Esta previsibilidade de ocorrência de conflitos entre patinetes e pedestres nas calçadas, se não foi o principal motivo, pesou muito nas restrições que o veículo vem sofrendo. Mesmo em outras realidades urbanas como Barcelona e Paris, onde larguras e condições de calçadas são muito melhores do que as nossas, também foram palco de atropelamentos de pedestres por patinetes e estes episódios certamente foram os responsáveis pelas limitações impostas por prefeituras. Limitações estas que também serviram como referência às condutas adotadas pelas administrações públicas das cidades brasileiras, em especial São Paulo, que já estreou sua fiscalização apreendendo centenas desses pequenos veículos .
Neste cenário tomo a liberdade de expor aqui, como pedestre, a minha forma de convivência pessoal no compartilhar nossas terríveis calçadas com bicicletas, patinetes e outros veículos. Além de tomar todas as precauções relacionadas ao próprio caminhar quanto a buracos, degraus e outras pegadinhas, agora fico alerta também aos tipos de veículos e como estes vão se utilizar da calçada. Tento me impor aos veículos motorizados que entram e saem dos imóveis, mas quando percebo que não vão me ceder o direito de passagem paro para me preservar. Quando vejo ou percebo algum veículo circulando na calçada, seja ele carro, moto, bicicleta, patinete, paro imediatamente e encosto nas paredes e muros até o veículo passar, para me resguardar de qualquer possibilidade de conflito. Pelo menos neste momento é o jeito que encontro para conviver com os outros sócios que são obrigados a procurar a calçada porque nosso ambiente de trânsito motorizado é extremamente selvagem, mesmo não sendo o mais justo porque a calçada é por princípio do pedestre.

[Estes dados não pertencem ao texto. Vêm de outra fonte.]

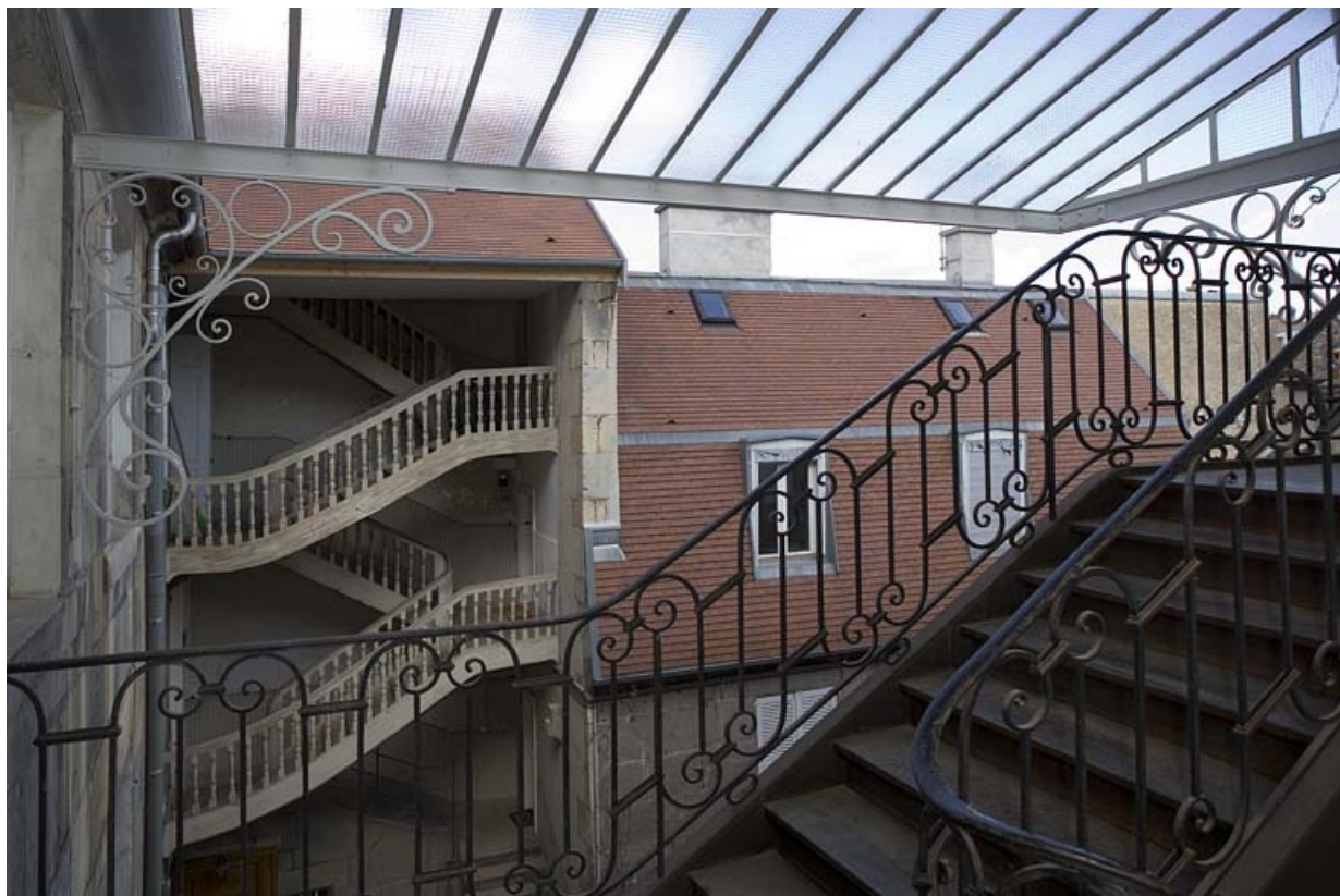
Détail de l'escalier droit depuis l'escalier gauche.

25, Besançon, 11 rue Charles Nodier, lieudit : îlot Banque de France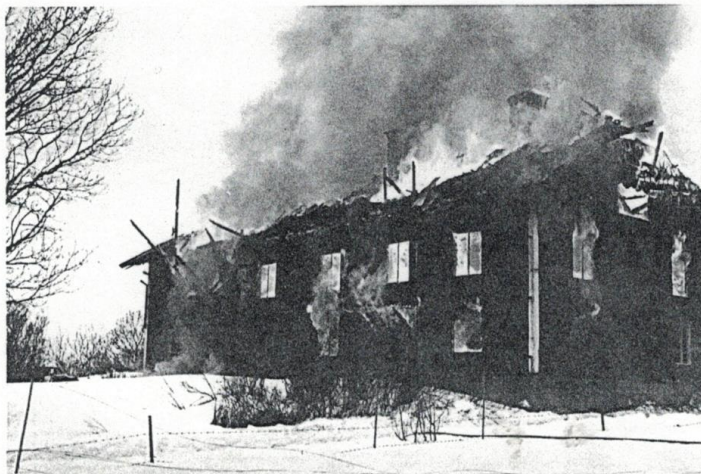
Nu har taket rasat i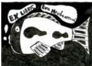
Eva Neubauerová, 7. B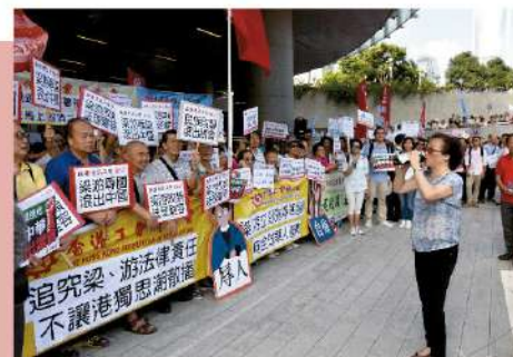
| 2016年 參與「反港獨 撐釋法」大聯盟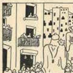
3—Tant el dia així com els grans, tatem d'alta l'assonada per veure passé els Gergats.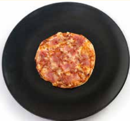
Pizza especial barbacoa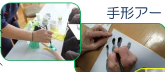
記念品作り 手形アート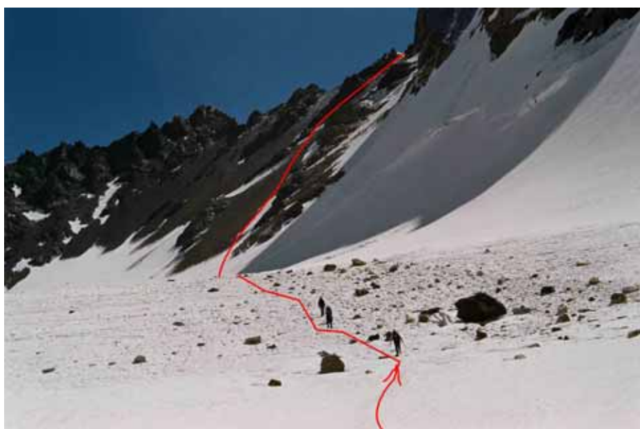
Фото № 61. Подход к перевальному взлёту перевала Хергиани.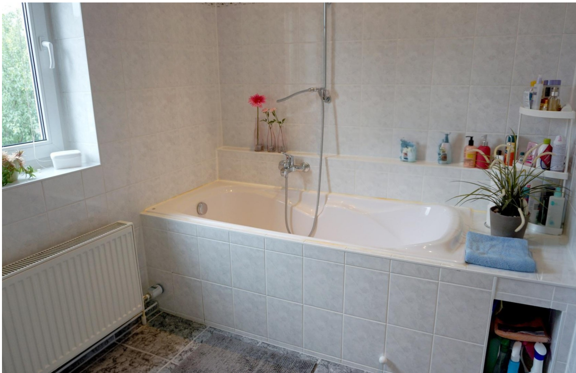
Hauptbad mit Badewanne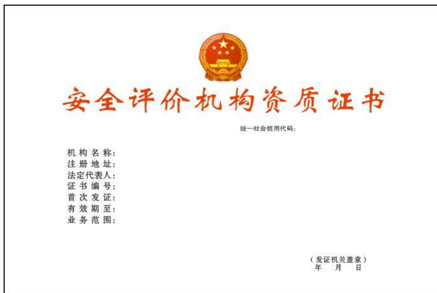
图 1 证书正本格式示意图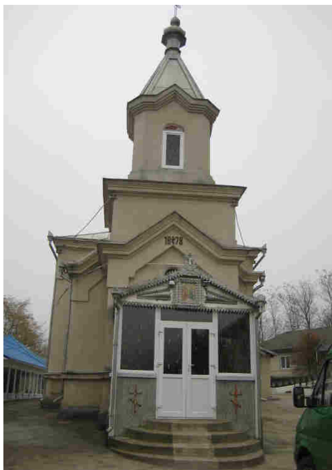
Biserica satului, amplasată pe o stîncă de piatră, supraviețuitoare a celor două mari alunecări de teren. În baza ei a fost construită Mănăstirea Negrea.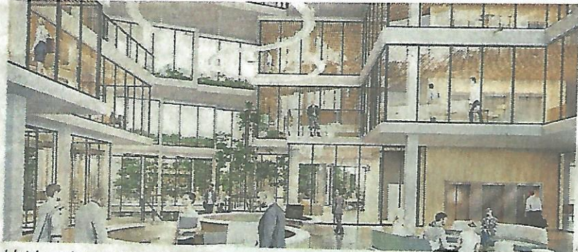
L'atrium dans le futur siège de Samsic.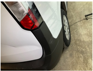
Çamurluk, sağ arka, Çamurluk, sağ arka > Vuruk

Compreendo que é necessário conviver com o compartilhamento de usos na calçada enquanto não há nas cidades uma rede cicloviária com extensão suficiente para atender e acomodar de forma segura e eficiente a todos os deslocamentos dos ciclos, sejam eles bicicletas, patinetes e outros em menor número como skates. Me pergunto o quanto ainda temos que esperar até que haja a divisão justa do espaço público de mobilidade entre todos os seus usuários, sem dar preferência a nenhum. Até quando teremos motoristas habilitados pelas CFCs com condutas que não os preparam para dar prioridade ao pedestre e ao ciclista como determina a lei.
Fatos apontam ser fundamental o estímulo e a priorização das formas de mobilidade ativas e sustentáveis assim como as não tão ativas e sustentáveis assim. Todas elas são necessárias à garantia do futuro das cidades por terem o mérito de tirar automóveis das ruas. A sociedade e o poder público têm consciência deste fato e o processo de mudança já está em curso, mas cada um tem que fazer a sua parte:
Penso que se cada um fizer a sua parte será possível contarmos com formas de mobilidade contemporâneas e eficientes ao ritmo de vida das cidades, onde cada vez mais pessoas vivem.